Il y a aussi beaucoup de Camerounais dans votre ville qui supportent le Sénégal
 
 
 
C’est vrai. On souhaite que le Sénégal arrive en finale face au Cameroun avant que le Cameroun ne remporte la coupe.
 
 
 
Vous allez quand même laisser la coupe à vos hôtes par courtoisie…
 
 
 
(Rire) Bon on va voir.

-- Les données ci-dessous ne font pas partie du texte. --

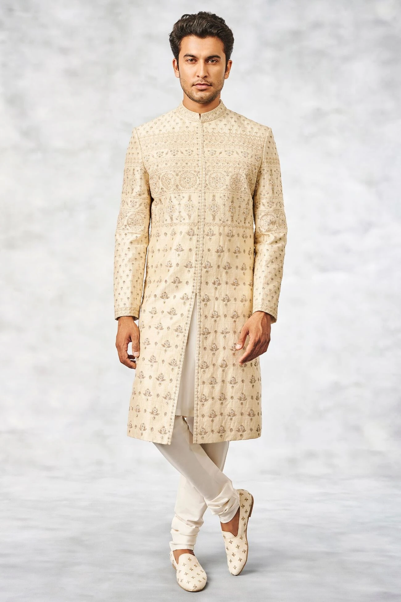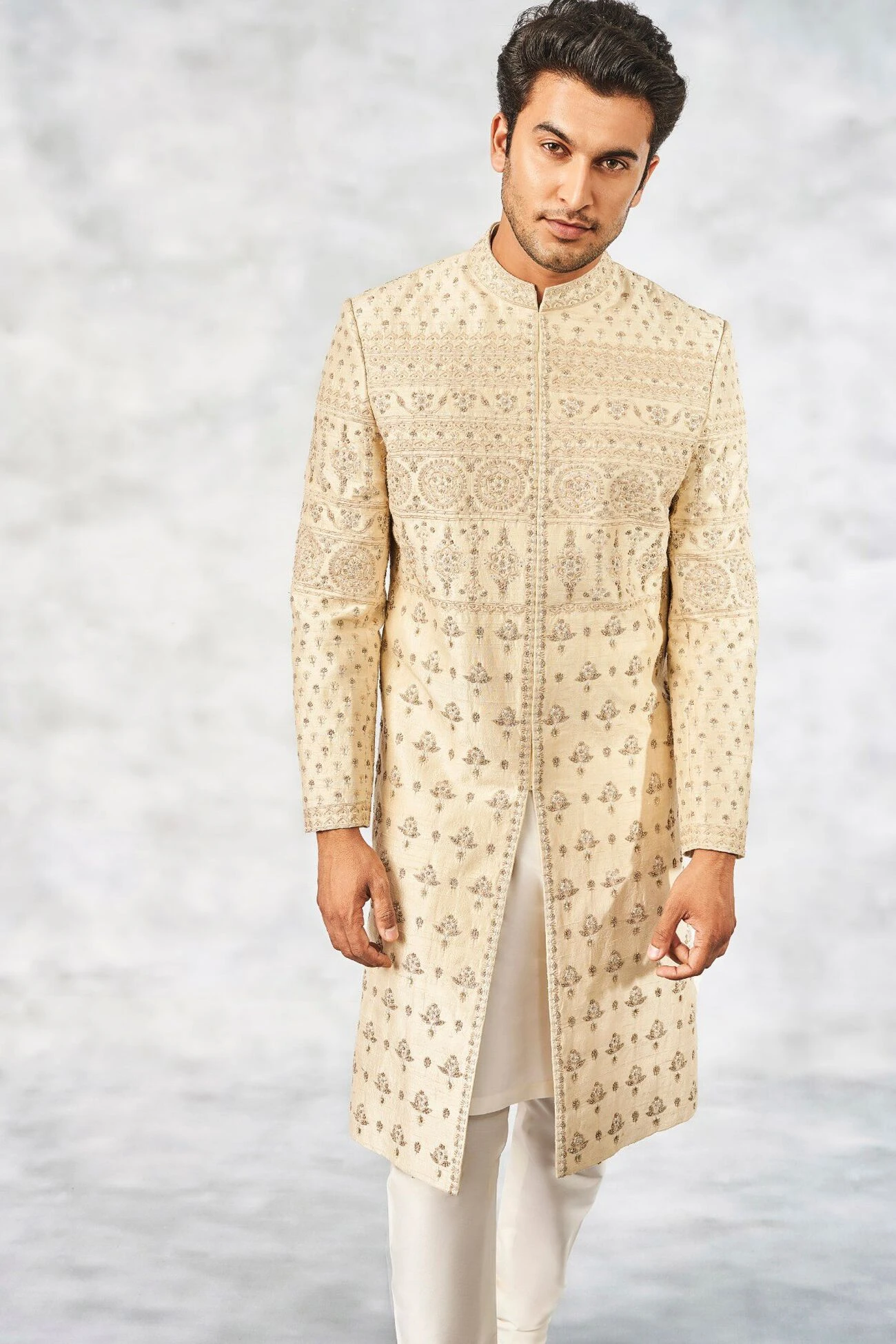 Capturing a charming ease, the silk Bidur Sherwani comes with placement motifs created with intricate thread work and hand embroidered detailing.
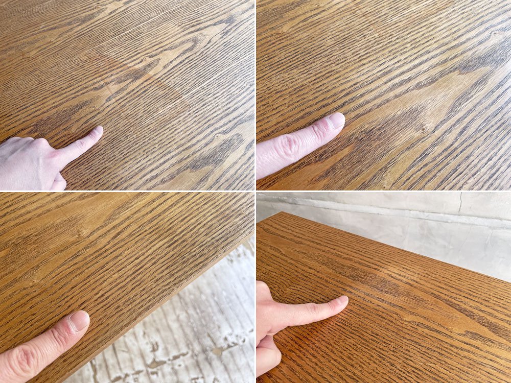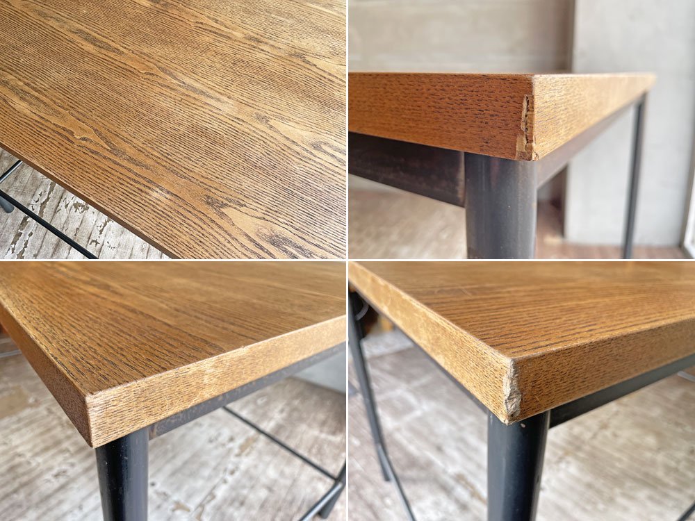 使用による打痕や線傷、天板部分に欠けや突板の剥がれ、まだらな色褪せやクリーニングで落としきれないシミが見受けられます。又、アイアン部分にペイントロスやサビが見受けられますが、製造時からの物と思われます。使用に問題のあるダメージは無く、概ね良好なコンディションを保っております。

Battez-vous déjà pour arriver en finale.
 
 
 
Pensez-vous qu’un jour, Bafoussam puisse être liée dans le cadre d’un jumelage avec une ville sénégalaise ?
 
 
 
C'est mon plus grand souhait. J'en ai discuté avec beaucoup de responsables sénégalais. Comme je vous ai dit, avant cette compétition, il y a eu plusieurs délégations du Sénégal qui sont venues ici. Ils sont ouverts d'esprit et on discute tout le temps.  Il y a également M. Ernest Ducon qui est le directeur commercial de Air Sénégal qui est un Camerounais d'origine. On a eu à beaucoup échanger. Immédiatement après la Can, j'aimerais faire un tour au Sénégal en tant que maire de la ville de Bafoussam pour voir un peu comment trouver des moyens pour des Jumelages avec des villes sénégalaises. L'avenir de l'Afrique, c'est cette coopération sud-sud. Un échange d'expérience entre ma ville et une ville du Sénégal serait bénéfique pour les deux parties. Toutes les idées que j'ai du Sénégal, ce sont des idées de livre. Je ne suis jamais allé au Sénégal. J'aimerais beaucoup y aller prochainement.